As principais queixas, de acordo com o Sindmed, vêm de de Brasileia, Feijó e Cruzeiro do Sul. Inclusive, nesta quinta-feira, 7, um enfermeiro do Hospital Regional do Acre postou um vídeo nas redes sociais relatando a falta de médicos e EPIs na unidade.

Segundo foi relatado pelos profissionais, uma determinação encaminhada pela Secretaria de Estado de Saúde (Sesacre) alega que os EPIs devem ser utilizados apenas em casos em que a pessoa apresente os sintomas da Covid-19. A norma pode ocasionar ampliação da quantidade de profissionais de saúde infectados, pois apenas durante a consulta é possível identificar os sintomas.

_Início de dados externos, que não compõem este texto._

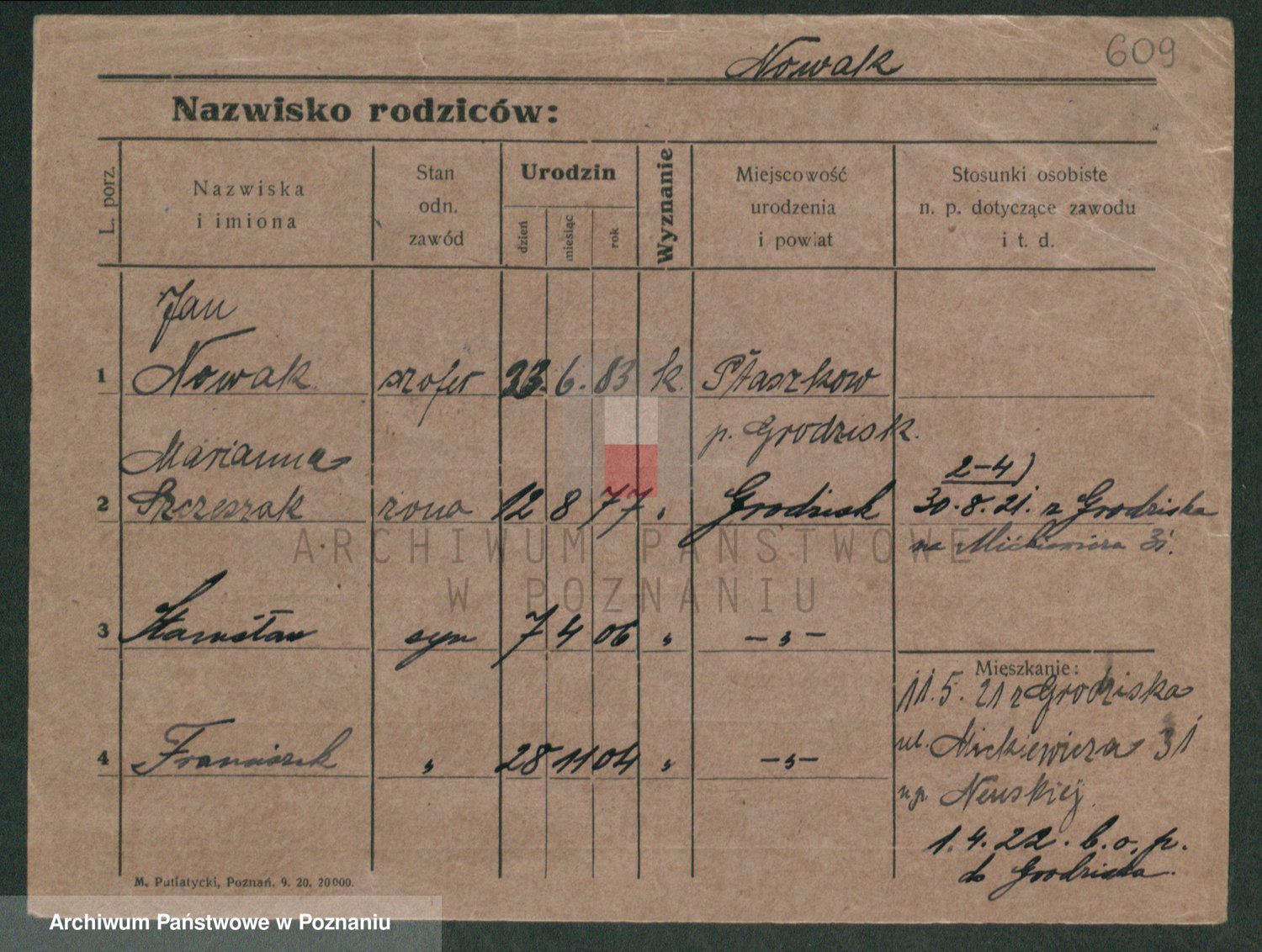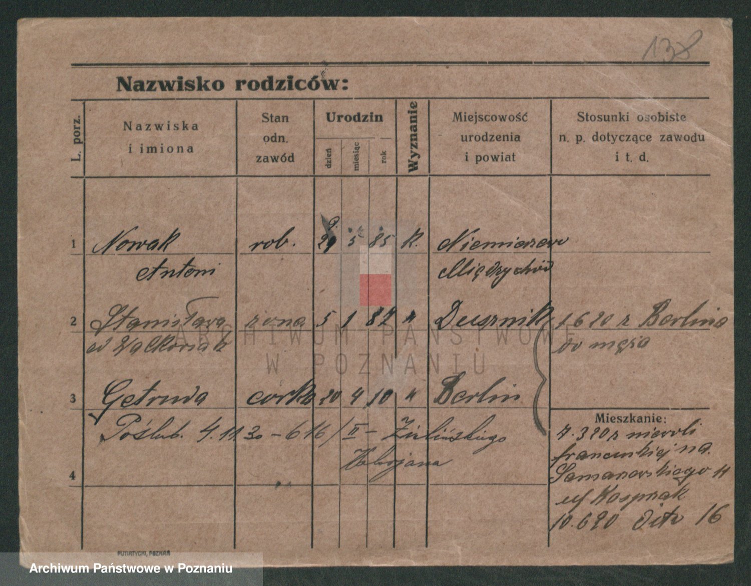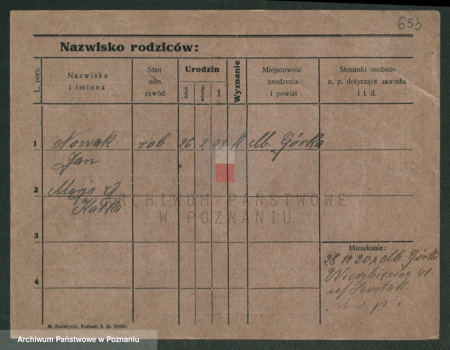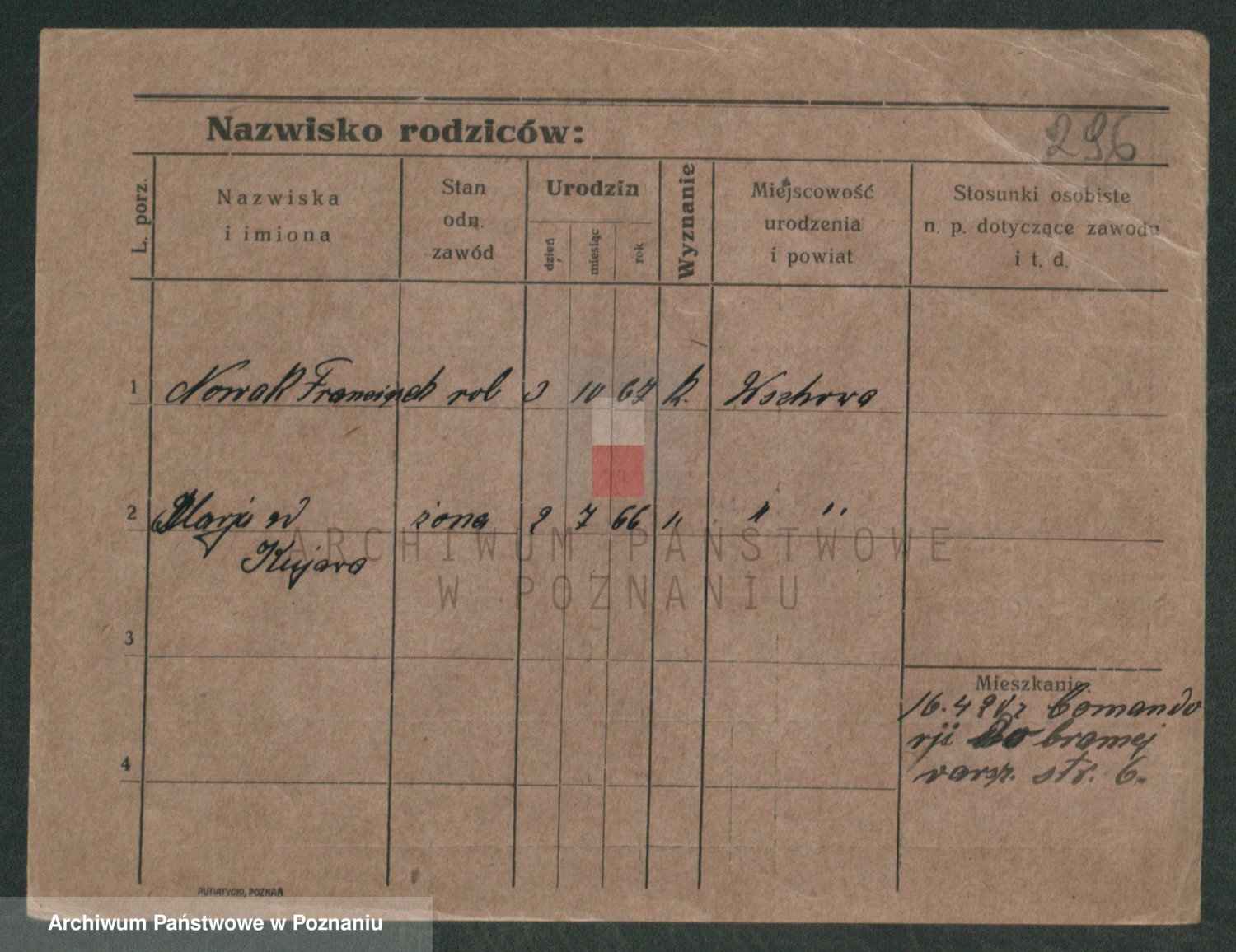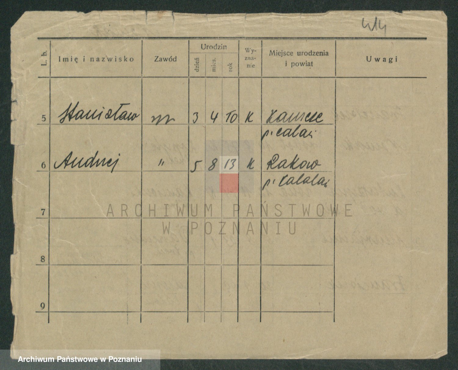 Podgląd karty osobowej dostępny jest po kliknięciu na nazwisko lub ikonkę karty. Można dokonywać powiększenia (ikony na górze) lub przechodzić między kolejnymi skanami (strzałki po bokach).
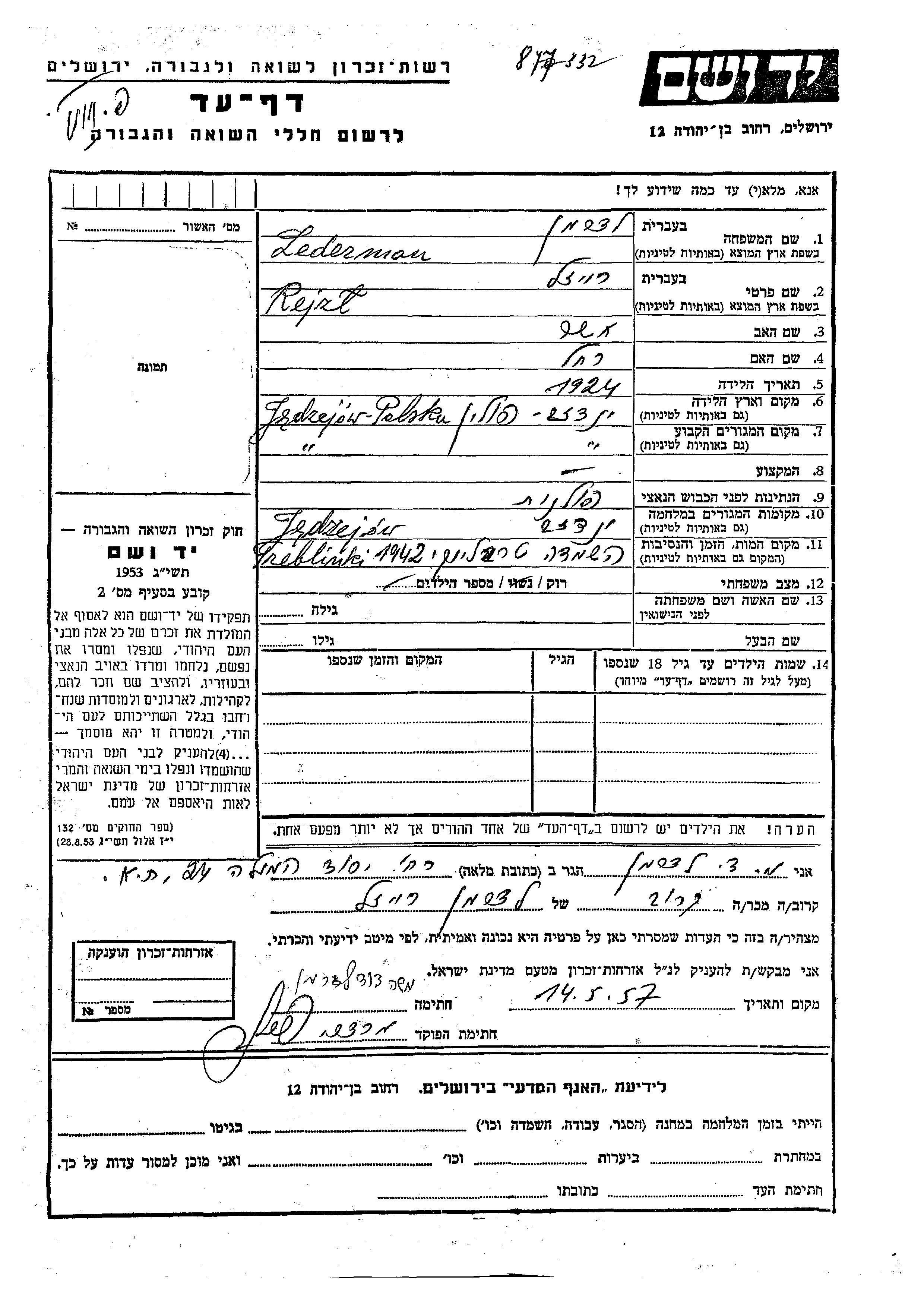 Рейзл Ледерман, место рождения: Енджеюв, Польша. Отец: Ашер, mать:Рахель. Холост / не замужем. Место жительства до войны: Енджеюв, Польша. Место во время войны: Енджеюв, Польша.
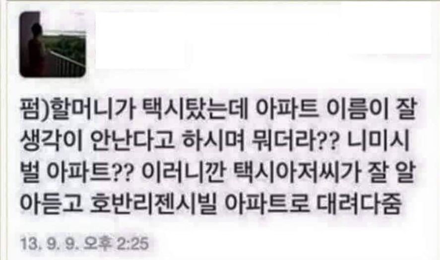 ??? : 니미씨발 아파트가 어디야? ??? : 왜 욕을 하고 그러세요. -_-

Os médicos também reclamam da falta de outros profissionais, o que torna o número de médicos insuficiente para fechar as escalas. Relatam que existem casos em que apenas um médico fica de plantão para atender os casos de coronavírus, partos e demais intercorrências.

“Gostaríamos de apresentar os problemas e reivindicar uma resolução imediata para todas as situações encontradas, mas os gestores decidiram desmarcar a videoconferência, o que revoltou a própria classe que vem sofrendo pela completa falta de condições de exercer a medicina”, reclamou o presidente do Sindmed-AC, Murilo Batista.

A Sesacre não esclareceu os motivos para cancelar a videoconferência.